Apitherapy Treatment Columbia SC
Cardiology, Internal Medicine, Cardiovascular Disease
Spring Valley Family Practice
The Buzz on Bee Therapy
By Kristin Bjornsen
Kathleen Miller, of Albuquerque, New Mexico, opened the bee box and with long-handled tweezers, removed a buzzing bee. She softly pressed its hind end on her knee. The bee stung her. At the time, says Miller, “I thought, This is wacko—plus, I’m killing an animal I love. What am I doing?”
But what she was doing was apitherapy, a form of medicine people in Egypt, Greece, and China have practiced for more than 5,000 years. Apitherapy uses bee venom, as well as pollen, honey, and other hive products, to prevent or treat illness and injuries. “Globally, it’s a huge system of medicine, especially in Asia, Europe, the Middle East, and South America, where even many MDs sting their patients,” says Frederique Keller, LAc, apitherapist, acupuncturist, and president of the American Apitherapy Society (AAS), headquartered in Centerport, New York. “The United States is way behind.” Here, although apitherapists can get “certificates of knowledge” by attending the AAS Charles Mraz Apitherapy Course and Conference, no formal certification or sanctioning exists, much like homeopathy.

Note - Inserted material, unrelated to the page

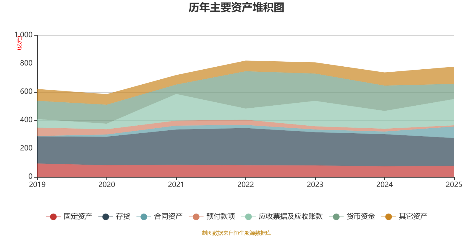 资产重大变化方面,截至2025年末,公司货币资金较上年末减少40.56%,占公司总资产比重下降10.58个百分点;合同资产较上年末增加333.65%,占公司总资产比重上升7.85个百分点;应收票据及应收账款较上年末增加47.81%,占公司总资产比重上升6.85个百分点;存货较上年末减少13.66%,占公司总资产比重下降5.57个百分点。

But that’s changing, says Keller, with a growing number of physicians, acupuncturists, and everyday people embracing apitherapy as a treatment for conditions such as rheumatoid arthritis, osteoarthritis, shingles, tendonitis, gout, carpal tunnel syndrome, Lou Gehrig’s disease, fibromyalgia, painful scars and burns, multiple sclerosis (MS), and Lyme disease. With venom therapy, you can either go to an apitherapist—who will use live bees or injectable bee venom (only doctors can perform the latter)—or do it yourself after learning the techniques.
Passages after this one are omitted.